___ The records ___

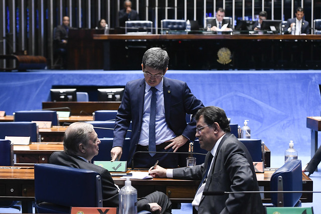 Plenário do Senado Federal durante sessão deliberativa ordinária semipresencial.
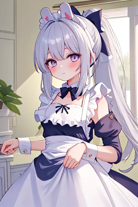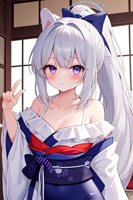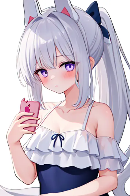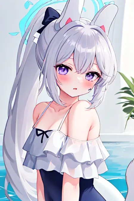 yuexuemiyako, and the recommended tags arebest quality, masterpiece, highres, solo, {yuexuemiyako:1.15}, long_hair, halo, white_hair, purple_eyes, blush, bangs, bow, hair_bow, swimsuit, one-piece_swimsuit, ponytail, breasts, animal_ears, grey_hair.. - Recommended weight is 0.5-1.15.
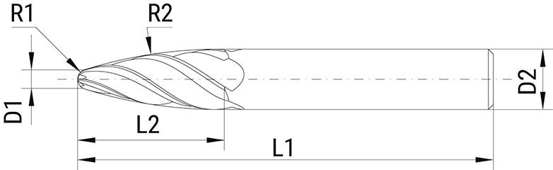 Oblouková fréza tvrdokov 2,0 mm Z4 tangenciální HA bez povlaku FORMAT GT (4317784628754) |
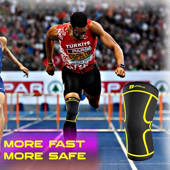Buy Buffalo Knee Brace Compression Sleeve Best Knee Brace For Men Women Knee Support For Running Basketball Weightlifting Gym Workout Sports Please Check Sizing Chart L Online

___
___ The records ___

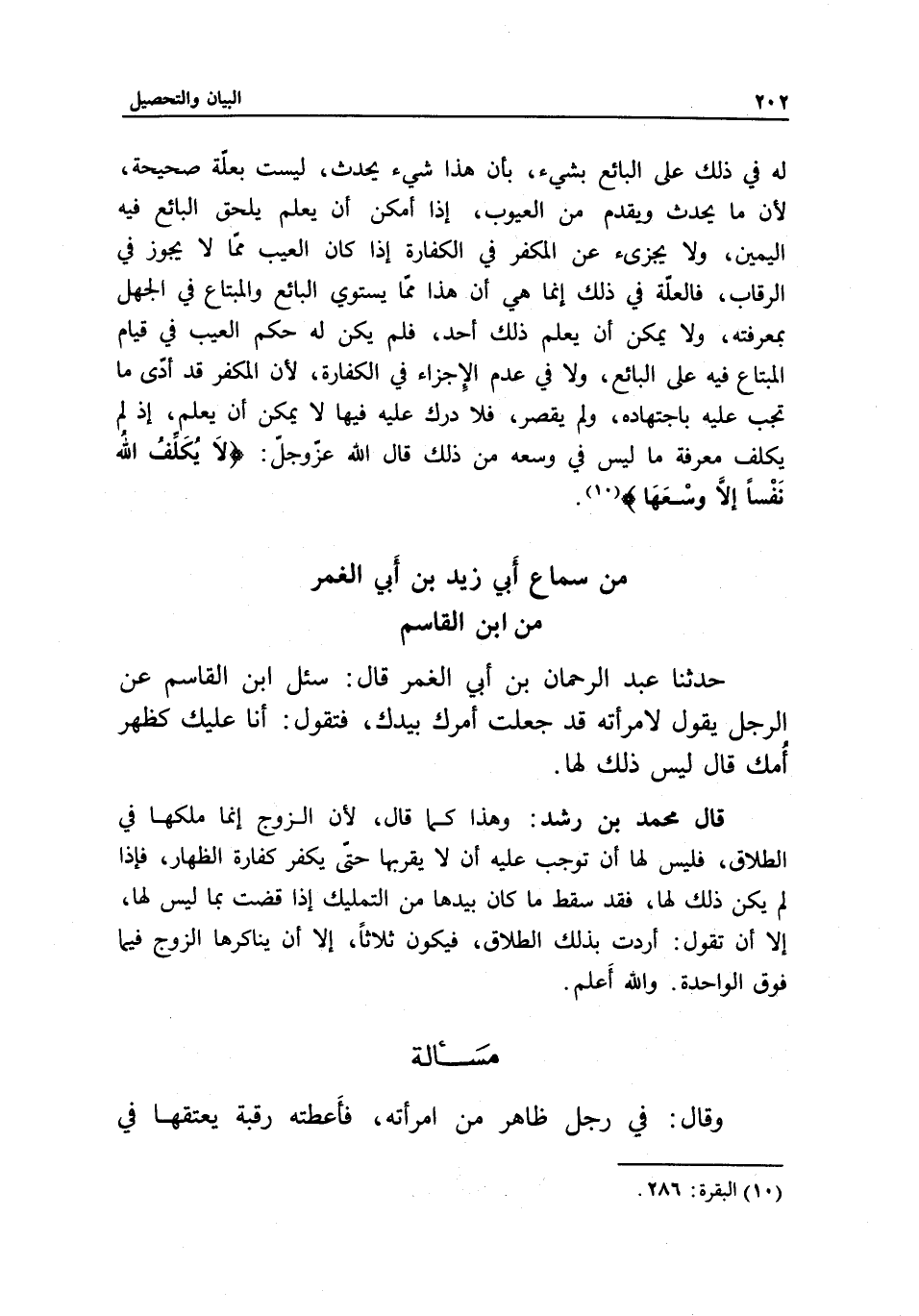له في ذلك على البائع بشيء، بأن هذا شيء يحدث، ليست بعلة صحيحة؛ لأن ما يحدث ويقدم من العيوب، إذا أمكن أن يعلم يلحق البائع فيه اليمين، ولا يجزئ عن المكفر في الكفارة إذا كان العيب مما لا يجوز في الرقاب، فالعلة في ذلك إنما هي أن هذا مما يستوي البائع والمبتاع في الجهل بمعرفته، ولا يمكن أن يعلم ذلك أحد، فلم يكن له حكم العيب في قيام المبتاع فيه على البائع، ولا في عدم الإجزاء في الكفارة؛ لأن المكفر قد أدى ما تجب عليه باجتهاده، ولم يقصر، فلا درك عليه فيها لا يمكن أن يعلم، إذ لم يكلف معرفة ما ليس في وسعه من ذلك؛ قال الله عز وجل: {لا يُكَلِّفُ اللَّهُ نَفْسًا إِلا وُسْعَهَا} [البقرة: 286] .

___

The stretch to restate runs from the line above containing "yuexuemiyako, and the" through the line containing "Buy Buffalo Knee". Copy it word for word, ends included, without pictures.

> _Solution for this exercise_
 yuexuemiyako, and the recommended tags arebest quality, masterpiece, highres, solo, {yuexuemiyako:1.15}, long_hair, halo, white_hair, purple_eyes, blush, bangs, bow, hair_bow, swimsuit, one-piece_swimsuit, ponytail, breasts, animal_ears, grey_hair.. - Recommended weight is 0.5-1.15.
 Oblouková fréza tvrdokov 2,0 mm Z4 tangenciální HA bez povlaku FORMAT GT (4317784628754) |
Buy Buffalo Knee Brace Compression Sleeve Best Knee Brace For Men Women Knee Support For Running Basketball Weightlifting Gym Workout Sports Please Check Sizing Chart L Online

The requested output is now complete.